Scaling#

class ScalingPreprocessor(method: str = 'standard', **kwargs)[source]#

Bases: BasePreprocessor

Preprocessor for scaling numerical features.

Provides various scaling methods for numerical features while preserving categorical features in their original form. Supports standard, min-max, robust, max-abs, and normalizer scaling methods.

Parameters:
methodstr, default=”standard”

Scaling method: “standard”, “minmax”, “robust”, “maxabs”, or “normalizer”

Attributes:
scalersklearn.preprocessing scaler

The fitted scaler object

_scaled_featureslist

List of feature names that were scaled during fit

is_fittedbool

Whether the preprocessor has been fitted

Notes

The preprocessor automatically excludes categorical features from scaling to preserve their original form. Only continuous numerical features are scaled using the specified method.

Examples

Standard scaling:
>>> preprocessor = ScalingPreprocessor(method="standard")
Min-max scaling:
>>> preprocessor = ScalingPreprocessor(method="minmax")
Robust scaling:
>>> preprocessor = ScalingPreprocessor(method="robust")
export_params() Dict[str, Any][source]#

Export parameters for serialization.

Returns:
Dict[str, Any]

Dictionary containing all parameters

fit(X: DataFrame, y: Series | None = None, categorical_features: List[str] | None = None) ScalingPreprocessor[source]#

Fit the scaler to the data.

Learns scaling parameters from the training data, excluding categorical features from scaling.

Parameters:
Xpd.DataFrame

Training data

ypd.Series, optional

Target values (not used for scaling)

categorical_featuresList[str], optional

List of categorical feature names to exclude from scaling

Returns:
selfScalingPreprocessor

Fitted preprocessor

Notes

The scaler is fitted only on continuous features, excluding any categorical features specified in categorical_features. This ensures that categorical features remain in their original form while continuous features are properly scaled.
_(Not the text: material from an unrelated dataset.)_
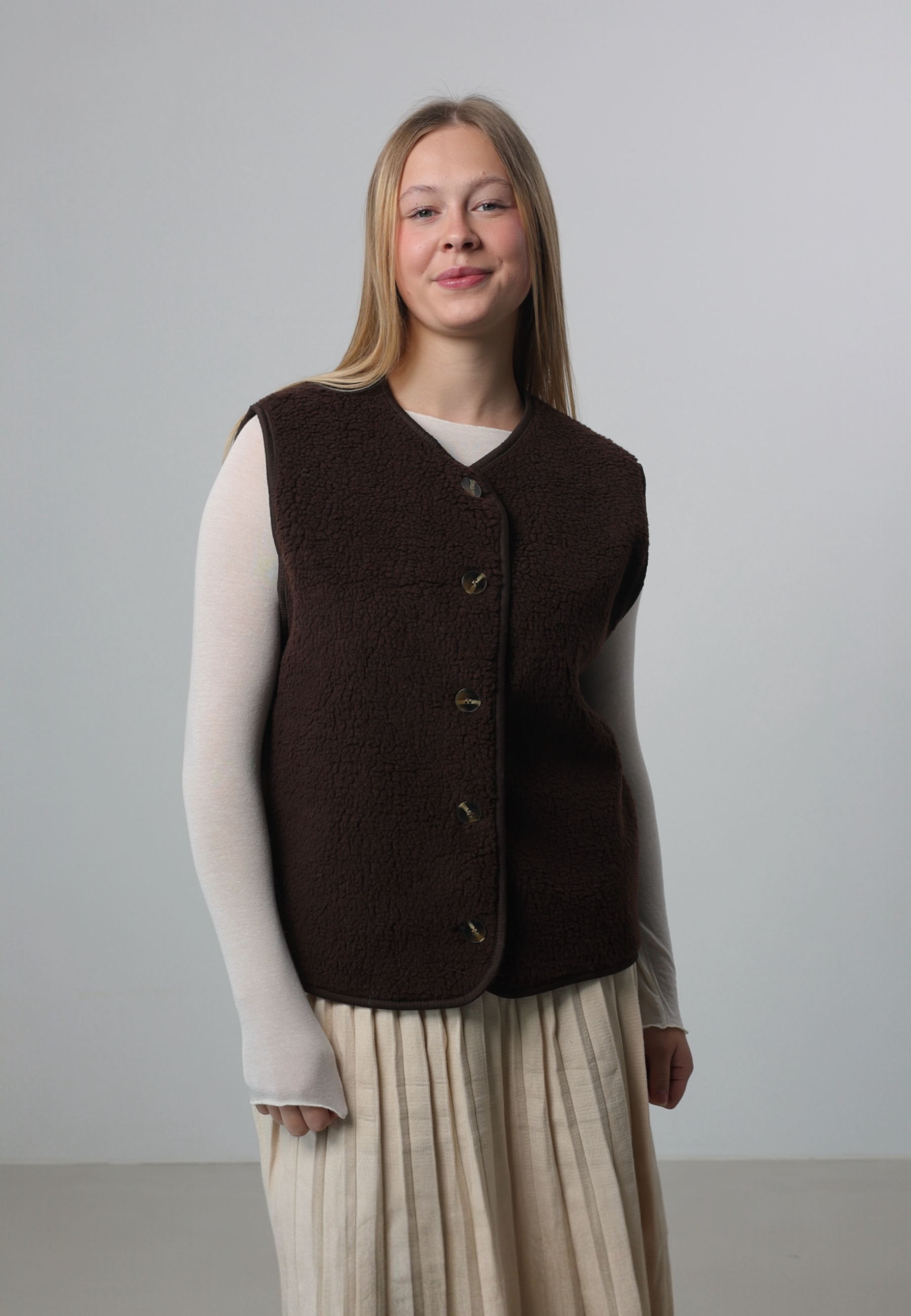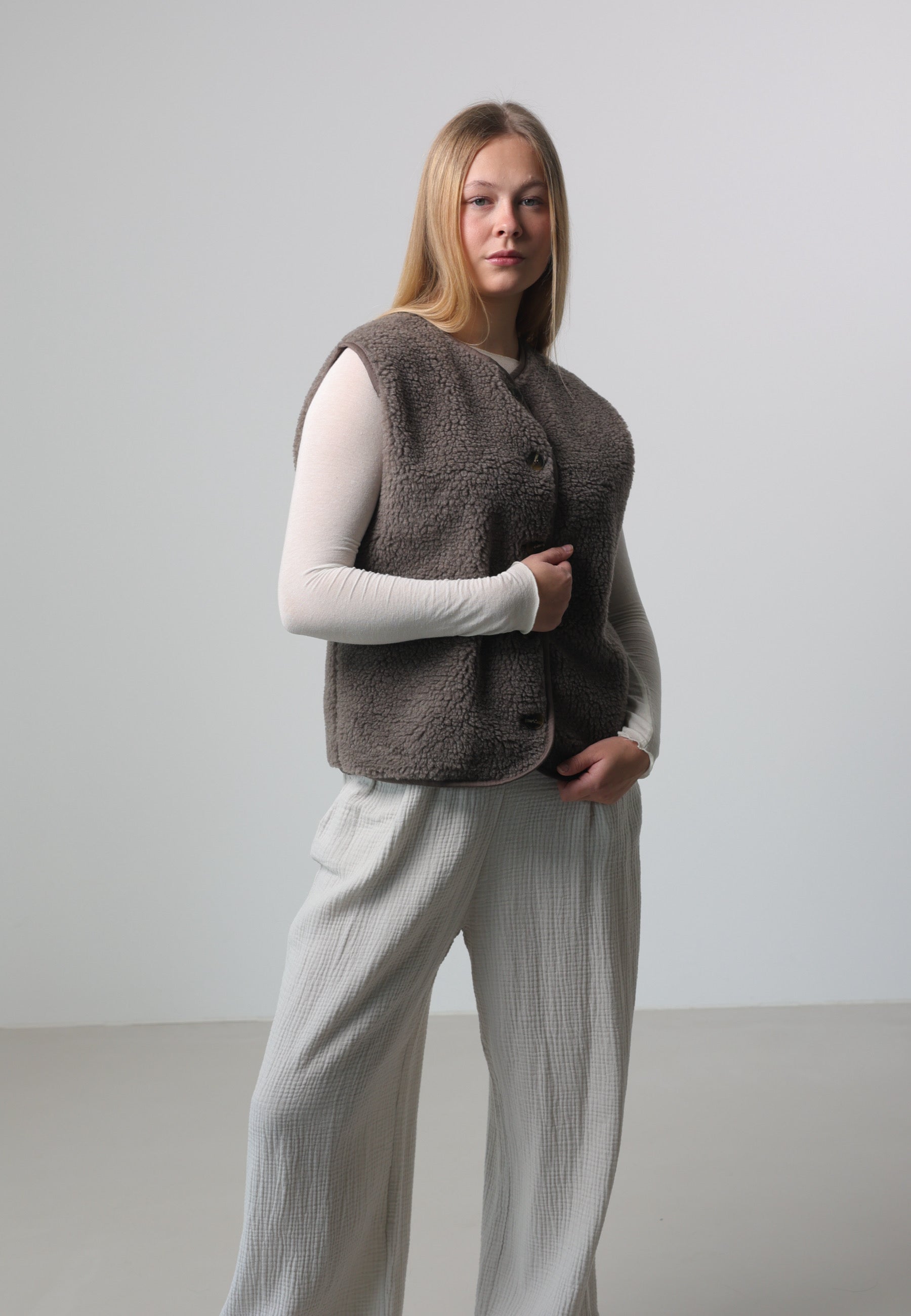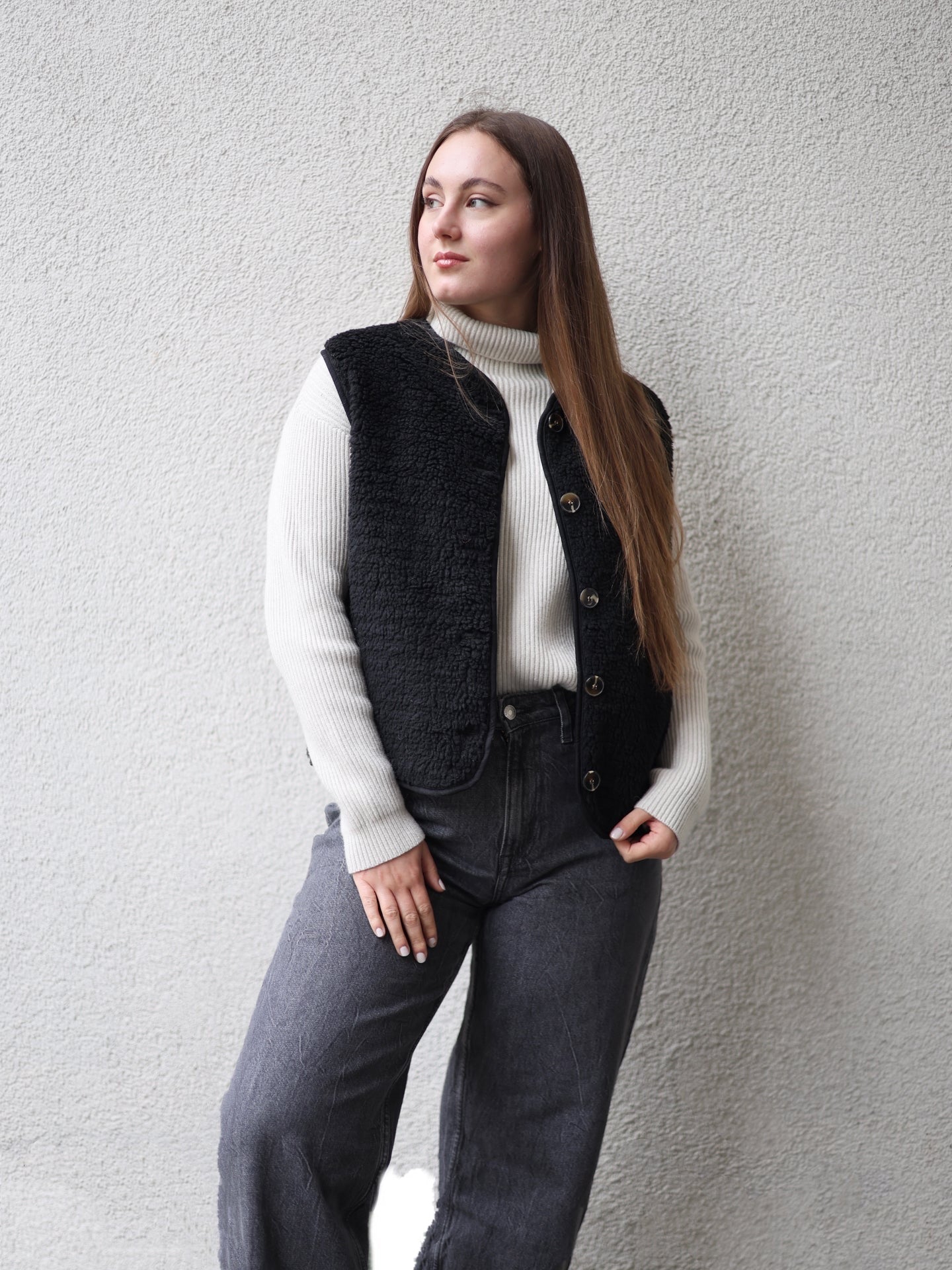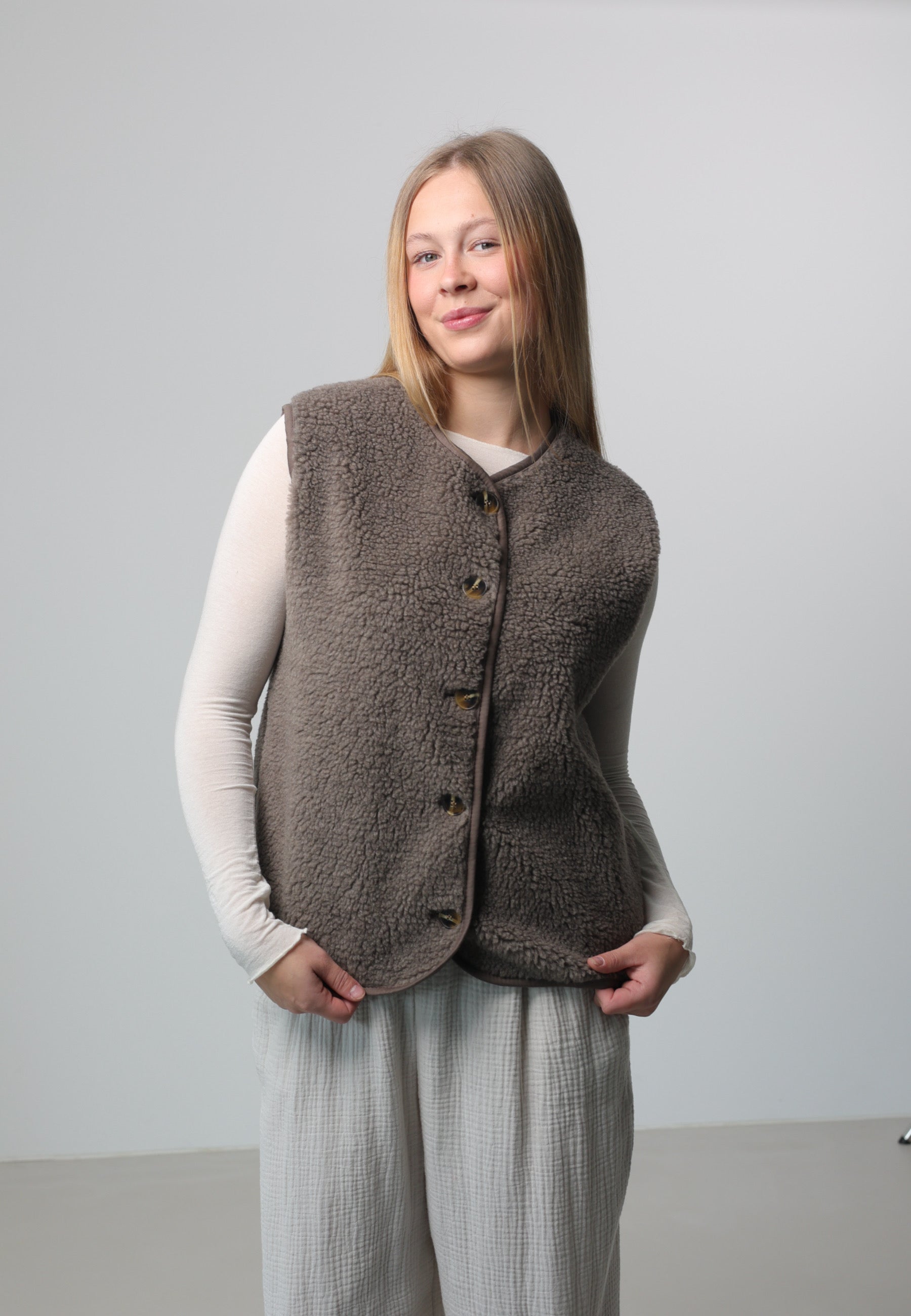 - Cordelia ist 1,67m groß und trägt die Teddyweste.

fit_transform(X: DataFrame, y: Series | None = None, categorical_features: List[str] | None = None) Tuple[DataFrame, Series | None][source]#

Fit the scaler and transform the data.

Parameters:
Xpd.DataFrame

Data to fit and transform

ypd.Series, optional

Target values (not used for scaling)

categorical_featuresList[str], optional

List of categorical feature names to exclude from scaling

Returns:
Tuple[pd.DataFrame, Optional[pd.Series]]

Tuple containing (scaled_X, y). The y is returned unchanged

Notes

This method combines fit and transform operations, scaling only the continuous features while preserving categorical features.

get_feature_names(feature_names: List[str] | None = None) List[str][source]#

Get the feature names after transformation.

Parameters:
feature_namesList[str], optional

Original feature names

Returns:
List[str]

Feature names after transformation (same as input)

Notes

Scaling does not change feature names, so the original names are returned unchanged.

transform(X: DataFrame, y: Series | None = None) Tuple[DataFrame, Series | None][source]#

Transform the data using the fitted scaler.

Applies scaling to continuous features while preserving categorical features in their original form.

Parameters:
Xpd.DataFrame

Features to transform

ypd.Series, optional

Target values (passed through unchanged)

Returns:
Tuple[pd.DataFrame, Optional[pd.Series]]

Tuple containing (scaled_X, y). The y is returned unchanged as this preprocessor only scales features

Notes

Only features that were scaled during fit are transformed. Categorical features remain unchanged. The target variable y is not modified by this preprocessor.